Maybe outside factors actually were a part of making one of my biggest joys turn into one of my biggest fears.

But a warrior can't always, if ever, choose the conditions in which he fights his battles. He must simply fight with no excuses. The conditions around him, or perhaps, even the conditions inside his own heart, may make things more difficult, but he still must choose to fight.

It's time for me to step up and start facing one of my biggest fears and not waiting until all the wounds are healed because waiting for complete healing has simply become an excuse for procrastination.

It's time to play hurt.


What about YOU? Do you ever rationalize your fears?

Sunday, February 20, 2011

Finishing Strong

I'm currently sitting at the curved, bamboo counter of the busy Starbucks on Main Street in Huntington Beach.

An empty cup, which ten minutes ago was filled with my tall-soy-chai-latte-with-no-foam, sits to my left.

To my right sits another individual fixated upon his laptop. He was just talking on his cell phone with someone in either Florida or Haiti...I couldn't pick up on the definitive details to determine which location it actually was. (Not that it was any of my business....)

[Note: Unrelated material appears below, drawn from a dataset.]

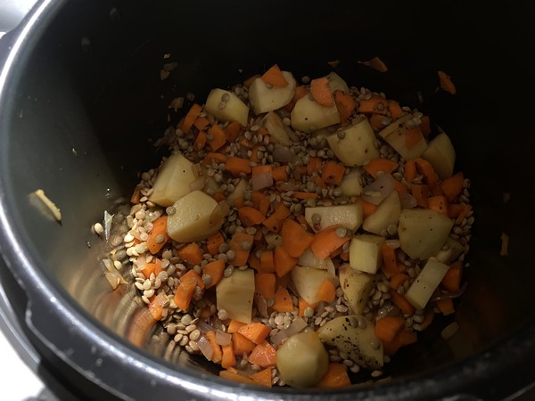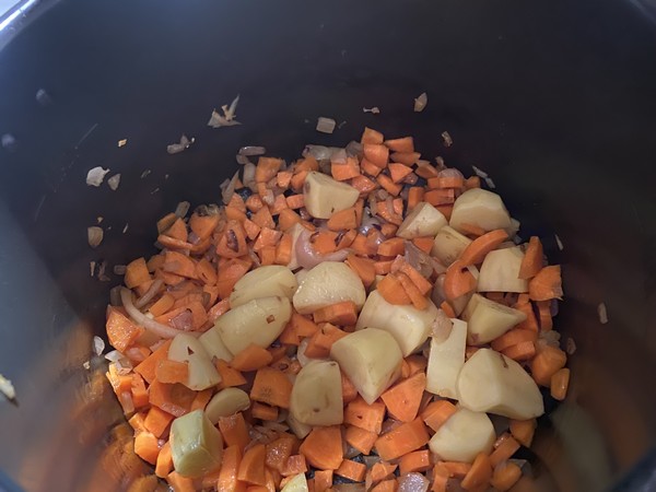 - Mettre le Cookéo en mode dorer, y verser l’huile puis faire revenir l’oignon 1 minute en mélangeant régulièrement, incorporer les pommes de terre et les carottes puis laisser dorer 1 minute en mélangeant, saler et poivrer.

I am writing a blog post right now but I should be writing a first-grade lesson plan. I am in the middle of my LAST college class and this week I am supposed to create a lesson plan to teach to 1st graders for the daily math and daily language. I'm looking forward to teaching the lesson and working with those adorable 1st graders that I've had chance to spend time with the last few Thursdays but I don't want to sit for an hour and type up all the formal explanations of what I will be doing in that half-hour of teaching.

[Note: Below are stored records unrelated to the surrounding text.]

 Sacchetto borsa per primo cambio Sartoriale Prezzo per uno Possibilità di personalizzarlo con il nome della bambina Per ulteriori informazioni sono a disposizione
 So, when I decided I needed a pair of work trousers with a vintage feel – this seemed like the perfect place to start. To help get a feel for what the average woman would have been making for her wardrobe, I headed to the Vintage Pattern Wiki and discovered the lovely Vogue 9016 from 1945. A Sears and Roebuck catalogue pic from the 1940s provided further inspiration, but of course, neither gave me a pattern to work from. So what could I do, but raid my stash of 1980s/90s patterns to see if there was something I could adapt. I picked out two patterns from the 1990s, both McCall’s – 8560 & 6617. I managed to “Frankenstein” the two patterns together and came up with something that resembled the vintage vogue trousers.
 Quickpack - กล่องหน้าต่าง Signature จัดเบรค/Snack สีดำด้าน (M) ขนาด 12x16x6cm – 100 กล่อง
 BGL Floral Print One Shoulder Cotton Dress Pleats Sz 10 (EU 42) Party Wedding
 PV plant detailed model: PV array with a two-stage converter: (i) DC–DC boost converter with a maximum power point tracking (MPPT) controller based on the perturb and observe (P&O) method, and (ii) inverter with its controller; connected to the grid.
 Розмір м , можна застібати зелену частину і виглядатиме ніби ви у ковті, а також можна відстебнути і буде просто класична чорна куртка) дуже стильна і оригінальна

I can hear my mom saying, "Dreading is worse than doing...."

I can hear my dad saying, "Finish Strong, Heidi! Finish strong!"

"You're right, Mom."

"I will, Dad."


Come on, Heidi. Just half a class left! Four more weeks of assignments and textbook readings and tests. Four more weeks of writing and proof-reading paragraphs and hitting the "submit" button to turn in my papers.

Four weeks to being DONE.

And just three months to walking across that field in cap and gown and receiving that slip of paper that documents my six-year pursuit of a college degree.

Three more months until I offically have a Bachelor of Science in Education.

I cannot wait.

Ok, I'm gonna get to writing that lesson plan now.

It's time to Finish Strong!

Tuesday, February 15, 2011

Returning...

It has been too long since I have posted!

It feels good to once again hit the "New Post" button and start typing in a blank text box.

Tonight, as it is 10:30, (and my original goal was to be asleep earlier than my normal 10:00 hour and be in bed by 9:30), will not be yielding an in-depth post.

However, I just had to come back to this little spot on the Internet after nearly a month.

Many lovely, lovely things have occured in my life! So many lessons to glean, stories to tell, and experiences to share. Some difficult and stretching experiences have occured as well and the lessons I continue to learn from those experiences always produce the gold that the furnace of the Refiner's fire promises.

2011 has truly been shaping up to be a year of training for me - the training of a Warrior. This One Word has truly proven to not be a mere idea but a true foundation for the work that God is doing in my heart and mind and life.

I think about how that word relates to my identity on a daily basis.

I have a growing playlist on my iPhone with songs that have themes of being a Christian Warrior (and I could always use new song suggestions!)

When confronted with decisions that make me want to hide, ignore, or pretend ignorance of a situation, I cannot escape the question in my head "What would a Warrior do?"

It's truly been a season of growing in strength. It seems, at least to me, that most of that has all been internal work. I'm not sure how much it shows externally in my attitudes and actions but I'm confident of the work taking place because I can feel my King is guiding me through it.


How has the beginning month-and-a-half of 2011 been going for YOU? Did you pick a OneWord for this year? Or do you see any themes taking shape in your life lately?